In alle regio’s is de afgelopen vier maanden gewerkt volgens het Huisartsen Rampenopvangplan (HAROP). Hoe is het de crisisteams vergaan? Waar zijn ze trots op? Wat zijn lessons learned? Carla van Velden, manager en crisiscoördinator bij het Noord-Limburgse Cohesie: “De afgelopen tijd heeft veel saamhorigheid gebracht, dat willen we graag behouden.”
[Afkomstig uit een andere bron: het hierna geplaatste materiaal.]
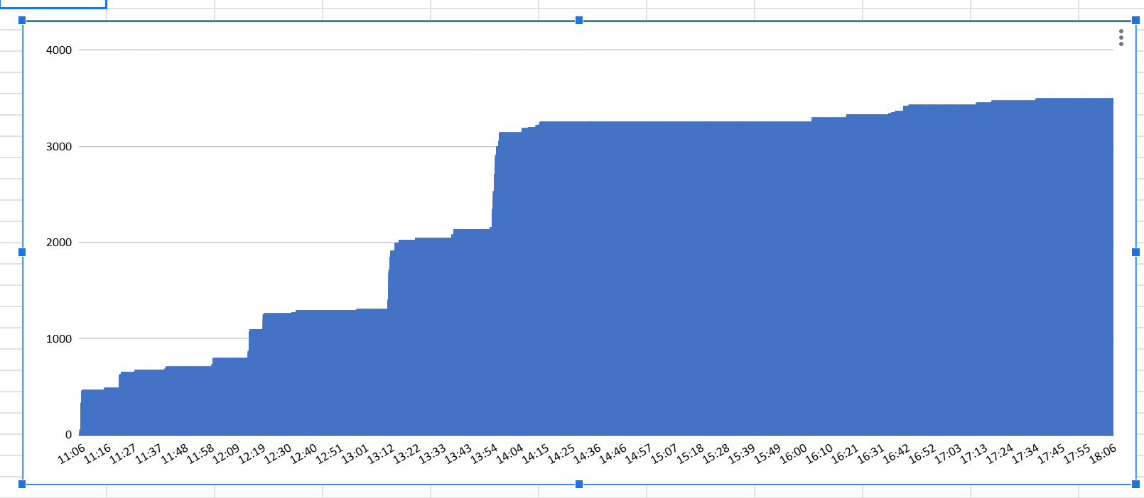 これは 1 年生の盛り上がりの様子。生データです。授業が終わったときに、後半の学生の何人かがリアクションシステムにハマってくれて、めちゃくちゃ押してくれたので最終的に 25000 くらいまで行ってました!楽しがってくれるのはうれしいですね。

Getriggerd door de berichten uit Italië pakte Van Velden in de carnavalsweek het HAROP uit de kast en nauwelijks een week later, toen de eerste uitbraak plaatsvond, kwam het crisisteam van Cohesie bij elkaar. “Toevallig”, zegt ze, “hadden we hier eind vorig jaar een grote Limburgse rampenoefening over hetzelfde thema, een virusuitbraak in een griepperiode. Huisartsenorganisaties, ziekenhuizen, GGD, GHOR en andere disciplines deden mee. Daardoor hebben we een paar dingen kunnen verbeteren waar we nu, in de coronacrisis, veel profijt van hebben gehad.” Als voorbeeld noemt ze het beter verankeren van de rol van de huisartsenzorg. “Het accent lag tijdens de oefening wel erg sterk bij de ziekenhuizen. De afstemming ging nu gelukkig heel goed.” Doordat Cohesie alle huisartsen en huisartsenposten in de regio vertegenwoordigt kon snel en effectief met het ROAZ worden geschakeld.

Digitale corona-triage

Het Cohesie-crisisteam zette, uitgaande van het somberste scenario, als eerste in op een centrale telefonische opvang voor overdag voor vragen over corona. Binnen een week werden patiënten van een aantal praktijken, bij wijze van pilot, vanuit het telefonische keuzemenu van de eigen huisarts, verwezen naar de Corona-hulplijn. Ook werd in korte tijd de applicatie QuestManager geschikt gemaakt voor de huisartsenzorg. Hiermee kan vanuit het callcenter een digitale corona-triage worden gedaan en kunnen patiënten met verdenking op corona nog een aantal dagen worden gevolgd. Verder bereidde Cohesie een fysieke uitbreiding van het callcenter voor en werd een van de twee huisartsenposten aangewezen als corona-HAP (die tijdelijk introk bij het nabijgelegen VieCuri ziekenhuis waar meer behandelkamers beschikbaar waren). Ook een zorgcentrum in Venray stond in de startblokken maar bleek uiteindelijk niet nodig. Wel werd gebruik gemaakt van het coronacentrum in Roermond.

Inroosteren

Van Velden: “Achteraf gezien is – gelukkig – niet alles nodig gebleken. We hebben bijvoorbeeld het fysieke callcenter niet hoeven op te schalen. En waarschijnlijk hadden we het op de eigen locatie van de huisartsenpost Venray ook gered.” Dat met 50% van de kennis 100% moet worden besloten was voor Van Velden een indringende ervaring. “We gaan dit uitgebreid evalueren. Voor een deel heb je geen keuze en moet je uitgaan van het ergste, maar er zijn dingen waar je misschien wel wat aan kan doen.” Ze denkt aan het inroosteren van dienstdoende huisartsen op de post. Dat gebeurde eind maart vier weken vooruit. In de moeilijk voorspelbare situatie leidde dit regelmatig tot noodzakelijke aanpassingen en begrijpelijke irritatie bij de waarnemers. “Dat gaan we in de toekomst anders oplossen”, aldus Van Velden.

Zorgmeldkamer

Trots is Van Velden op de slagvaardige samenwerking van alle zorgverleners en zorgorganisaties. “De afgelopen tijd heeft veel saamhorigheid gebracht”, stelt ze vast. “We gaan proberen iets daarvan vast te houden. Bijvoorbeeld de zorgmeldkamer die we samen met de VVT (Verpleging, Verzorging en Thuiszorg) hebben neergezet. Via de zorgmeldkamer kunnen huisartsen snel schakelen om zorg te regelen bij patiënten thuis. Dat werkt fantastisch.” Wat Van Velden ook graag wil behouden is het veel bewustere gedrag van patiënten. “Patiënten belden de huisartsenpost alleen bij spoed en niet voor zaken die tot de volgende werkdag kunnen wachten. Wat kunnen we op dit punt leren van de afgelopen weken? Daar gaan we zeker op door.”

“De afgelopen tijd heeft veel saamhorigheid gebracht, dat willen we graag behouden.”